January 26, 2008 | 1:05 am

I’m making an interface using LCD which has a selection of different words printed at different locations. The words are written using differing font sizes (as sprites). I want to be able to select a word by moving the mouse over it in order to move or size it depending on where on the word is clicked. I’m finding this to be quite tricky as i don’t know how work out how much space the word occupies on the screen. The people i’m working with have not decided on a particular font yet – and we may even end up using varying fonts. Is there something i’m overlooking? (apart from using fixed-width fonts, which i’d like to avoid if possible).

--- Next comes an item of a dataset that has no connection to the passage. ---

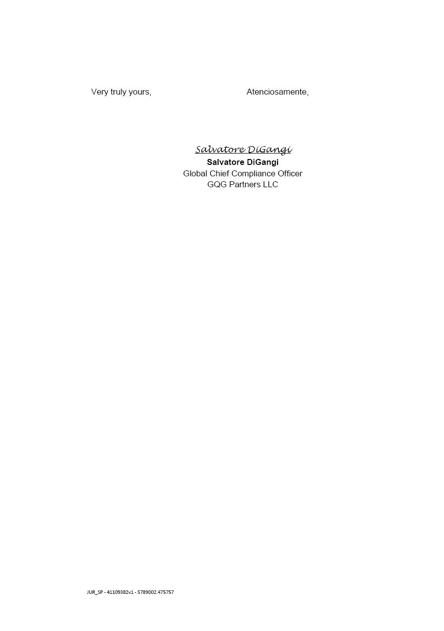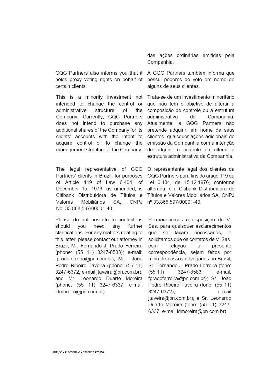 GQG Partners also stated that has not entered into any contracts or agreements that regulate the exercise of voting rights or the purchase and sale of securities issued by the Company.

If anyone has any ideas i’m all ears…

Thanks,

John.


January 26, 2008 | 7:32 am

On 26 janv. 08, at 02:05, Leafcutter John wrote:

> I’m making an interface using LCD which has a selection of different
> words printed at different locations. The words are written using
> differing font sizes (as sprites). I want to be able to select a
> word by moving the mouse over it in order to move or size it
> depending on where on the word is clicked. I’m finding this to be
> quite tricky as i don’t know how work out how much space the word
> occupies on the screen. The people i’m working with have not decided
> on a particular font yet – and we may even end up using varying
> fonts. Is there something i’m overlooking? (apart from using fixed-
> width fonts, which i’d like to avoid if possible).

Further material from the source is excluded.